Note: Make Thai iced tea using Pantai Thai Tea Mix (sold at Lao Asian Market, 65 N. Pauahi St. in Chinatown). A cup of the mix in 4 cups water will make 10 cocktails. Boil 3 minutes, then steep at least 30 minutes, cool and strain. The more concentrated the tea flavor, the better it tastes.
The beauty of this process is that it’s fast. You don’t have to put all of your ingredients in a jar and wait days or weeks to enjoy it.
Remember to use high-quality spirits, as cheap liquors will taste astringent after infusing. Also note that the higher the alcohol content, the faster the infusion.
Green teas can go bitter if infused for too long; black teas are intense and can overwhelm the spirit if steeped too long.
The Golden Age
- 1-1/2 ounces jasmine tea-infused American-style gin (see note)
- 1/2 ounce Amaretto liqueur
- 1/2 ounce lemon juice
- 1/2 ounce simple syrup
- 3 dashes orange flower water
- 1/2 ounce pasteurized egg whites
Combine all ingredients in mixing glass with ice. Shake vigorously, strain into another glass and dry-shake (shake again without ice to further emulsify). Strain into martini glass.
Garnish: orange peel “flower” and bitters dropped onto froth and swirled
Notes: To make tea-infused gin, add 1/4 cup loose jasmine tea to a 750-milliliter bottle of gin. Let sit about 20 minutes. Strain. To make simple syrup, combine 2 parts sugar and 1 part water; bring to boil just long enough to dissolve sugar.
These syrups lend the flavors of tea without the extra liquid you’d get if you were to use brewed tea. This cocktail is a twist on the old-fashioned, but using Japanese whiskey and a hint of shiso. Green tea syrup lends a beautiful earthiness to the cocktail, and the whiskey barrel-aged bitters lend a cinnamon component.
- 1 shiso leaf
- ½ ounce green tea syrup (see note)
- 3 dashes whiskey barrel-aged bitters (Fee Brothers brand preferred)
- Splash water
- 2 ounces blended Japanese whiskey (such as Nikka Coffey Grain or Nikka Pure Malt Taketsuru)
- Press shiso with syrup and bitters (muddle, or crush lightly). Add water, whiskey and ice. Stir and strain over a large ice cube into rocks glass.

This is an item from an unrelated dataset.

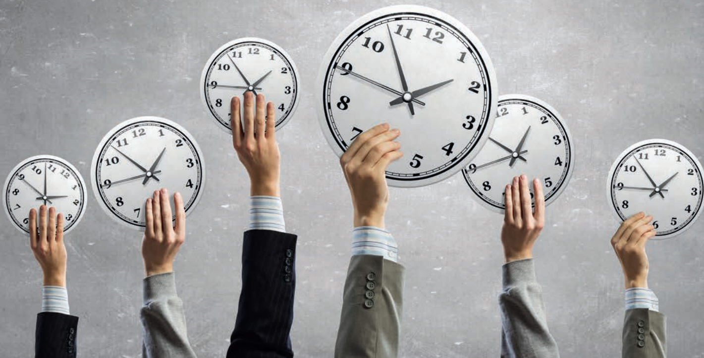
Time management—there simply do not seem to be enough hours in your day.
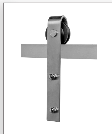
Brushed Stainless Steel

*Quick Ship: We make every effort to ensure all Quick Ship Items are in stock. However, we do not guarantee stock. Please call your representative for availability.

- Garnish: shiso leaf and star anise pod
Note: To make green tea syrup, place 2 green tea bags (or 2 tablespoons loose tea) in 1 cup boiling water. Add 1 cup sugar; steep 5 minutes. Remove tea bags or strain into clean container.

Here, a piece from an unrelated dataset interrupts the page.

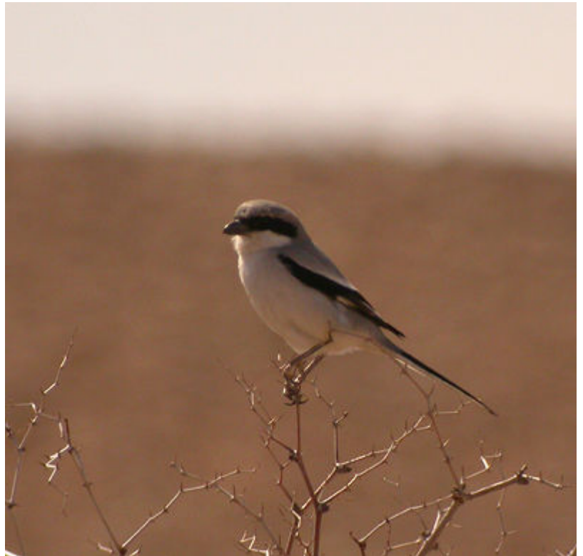
Southern Grey Shrike.

1 bird showing intermediate characters in pair with an elegans in wadi south of Erfoud 19.2.

Kombucha is an effervescent, fermented beverage made from sweetened green or black teas. Because of the fermentation that takes place with a symbiotic colony of bacteria or yeast, it is considered a probiotic with detoxifying effects.
Its use in China as an “Immortality Tea” dates back 2,000 years but has only resurfaced in the West recently.

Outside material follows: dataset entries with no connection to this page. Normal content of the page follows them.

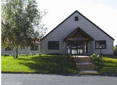
St. Ansgar Parish 607 E. Olson St, Blair WI
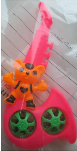
Pink trumpet & orange bear rattle No. NRD 13012
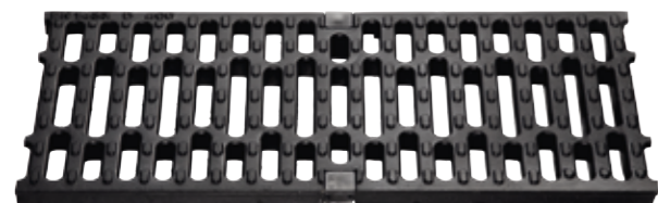
CAST IRON GRATING

These days you will be hard-pressed to find a grocery store that doesn’t carry it. It is the coconut water of 2016, found in a variety of flavors, colors and brands.
The flavor profile of kombucha can take some getting used to, as it has pungent, vinegarlike notes in aroma and flavor. I have become a big fan — the vinegary taste doesn’t bother me at all; in fact, I find it refreshing and uplifting. And I do feel a boost in energy after I’ve consumed some.
One of my favorite flavors is ginger, so I love using it in a Moscow Mule alternative, substituting high-sugar ginger beer with health-inducing kombucha.
- 1/2 ounce lemon juice
- 1/2 ounce ginger syrup (PacifiKool preferred)
- 1-1/2 ounces vodka
- Ginger kombucha
Combine lemon, ginger syrup and vodka in highball or copper mug. Fill with ice and top with kombucha; stir to combine.
Garnish: candied ginger, mint sprig and lemon wheel
Chandra Lucariello is director of mixology for Southern Wine & Spirits.